Die amerikanische Botschafterin in der Schweiz kritisierte diverse hiesige Banken, dass diese keine US-Kunden mehr bedienen würden. Die Rüge wirkt angesichts des Steuerstreits deplaziert.
Es ist ein Schreiben, dass die Adressaten wohl mit Hochgenuss an die Presse durchsickern liessen. Wie die Schweizer «Handelszeitung» in einer Vorabmeldung berichtete, verschickte die US-Bortschafterin in der Schweiz, Suzan LeVine, jüngst einen Brief an diverse hiesige Banken.
Darin beklagte sich die Vertreterin der USA in der Schweiz, dass Schweizer Banken amerikanische Kunden hierzulande vor die Türe gesetzt hätten. «Viele US-Bürger haben mir gegenüber ihre Sorgen ausgedrückt, dass ihnen der Zugang zu Bankdienstleistungen in der Schweiz fehle», so LeVine.
Schlechtes Timing
Wie weiter berichtet wird, hatte LeVine auch gleich einige Ratschläge für das Swiss Banking parat. Der Brief schliesst damit, dass die Botschafterin ein Treffen vorschlägt, um «das Regelwerk und die Prozesse der Bank» im Umgang mit US-Kunden zu diskutieren.

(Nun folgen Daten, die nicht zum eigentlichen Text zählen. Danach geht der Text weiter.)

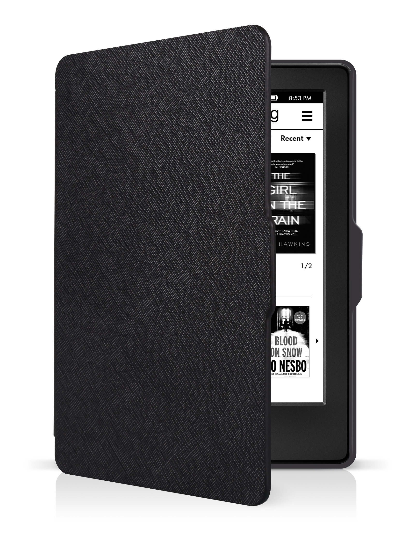 Přední kryt otočný o 360° umožňuje pohodlné čtení v jedné ruce (stačí otevřít a překlopit)
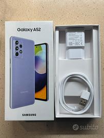 Smartphone Android Samsung A52 128gb, perfetto, sempre protettonda pellicola e cover. Vendo completo di scatola, caricabatteria e cavo originale, 3 cover colorate. Pellicola applicata.
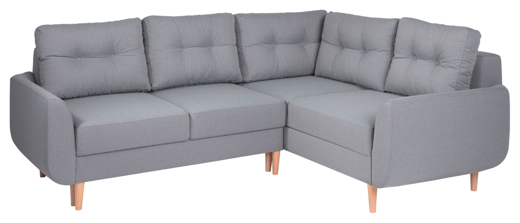 The large upholstered Cotta corner sofa with elegant cushions will work well as a lounge area and additional sleeping space. It is equipped with two spacious bedding containers. The furniture is available in right- and left-side versions. The corner sofa is manufactured to order - the buyer chooses the upholstery and the color of the legs himself.
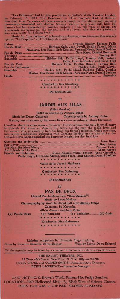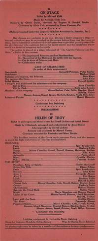 € 100В обложке из текстурированной бумаги. На внутренней стороне обложки напечатаны ч/б фотографии. На обложке офсетная литография Бермана. В блоке двойная ил. Смита и ил. Битона, а также большое количество черно-белых фотографий артистов. В блок вложены: две программы вуступлений, две газетные вырезки, одна вырезка из журнала и один рекламный лист. Экземпляр без утрат. Незначительные потертости корешка, один вертикальный загиб по правому краю. Два разворота отделены от блока. Общее состояние очень хорошее.
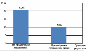 Из рисунка 5.3 наблюдается заметное снижение значения уравнительного тока при применении разработанных мероприятий. При выбранном соотношении отпаек значение уравнительного тока снизилось в 2,3 раз. Таким образом, оптимизация условий работы параметров (отпаек) РПН позволяет добиться практически полного исключения уравнительного тока на участке Спасск - Сибирцево.

Laut der «Handelszeitung» ist das Schreiben an zahlreiche hiesige Institute ergangen, darunter auch an die Migros Bank und mindestens ein Geldhaus, das noch auf eine Steuerbusse aus Washington wartet. Entsprechend ungünstig erscheint das Timing des Schreibens aus Schweizer Warte – dem Bericht zufolge hat es auch schon für einige Irritation in der Branche gesorgt.
Mehrere Dutzend Banken waren dieses Jahr noch mit der Beendigung des US-Programms zur Beilegung des Steuerstreits mit den USA beschäftigt, was in aller Regel mit einem Schuldeingeständnis und einer Bussenzahlung endete.

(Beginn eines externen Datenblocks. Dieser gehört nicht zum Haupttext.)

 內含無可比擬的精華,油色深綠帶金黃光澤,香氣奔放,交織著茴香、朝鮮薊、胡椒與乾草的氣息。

Diese Institute mussten sich ausserdem zu zukünftigem Wohlverhalten gegenüber Amerika verpflichten.
Steuerstreit ist noch nicht zu Ende
Und noch immer warten mehrere so genannte Kategorie-1-Banken, gegen die in den Staaten ein Strafverfahren wegen Verletzung von US-Steuergesetzen eröffnet wurde, auf den Abschluss ihres Verfahrens. Dazu zählen bedeutende Institute wie die Zürcher und die Basler Kantonalbank sowie die Genfer Privatbank Pictet.
Doch nicht nur wegen des Timings wirkt die Kritik LeVines deplaziert. Zwar trifft es durchaus zu, dass sich zahlreiche Schweizer Banken auf der Höhe der Unsicherheiten im Steuerstreit recht rüde von US-Kunden trennten. Ab mit Schaden, mochte vielerorts die Devise gewesen sein.
Rechnung geht nicht mehr auf
Doch heute ist es nicht mehr allein die nackte Angst, die Schweizer Banker davon abhält, Kunden anzunehmen. Vielmehr sind im Geschäft mit US-Kunden schlicht neue Realitäten eingekehrt.
Und die wichtigste Realität lautet: Das mit US-Gesetz konforme Banking mit jener Klientel ist so teuer geworden, dass sich die Betreuung der wohl eher vermögenden, denn schwerreichen 20'000 US-Expats in der Schweiz nicht mehr lohnt. Kommen die Unwägbarkeiten mit dem US-Steuervogt dazu, dann geht die Rechnung hiesiger Bank-Chefs erst recht nicht mehr auf.
Scharf auf US-Kunden
Was nicht heisst, dass sie gar keine US-Kunden mehr betreuen würden. In der Schweiz sind rund 40 speziell für dieses Geschäft lizensierte Einheiten aktiv, die meisten grossen Vermögensverwalter verfügen über solche Dienste. Nur eben: Die sind dem Geschäft mit reichen Privatkunden vorbehalten. Damit sich der Aufwand rechnet.
Ebenso sind diverse Schweizer Vermögensverwalter aktiv dabei, das Onshore-Geschäft vor Ort in den USA zu entwickeln, wie auch finews.ch berichtete. Kurz: Die Schweizer Banken sind durchaus an US-Kunden interessiert. Nur eben nicht so, wie sich das Botschafterin LeVine vorstellt.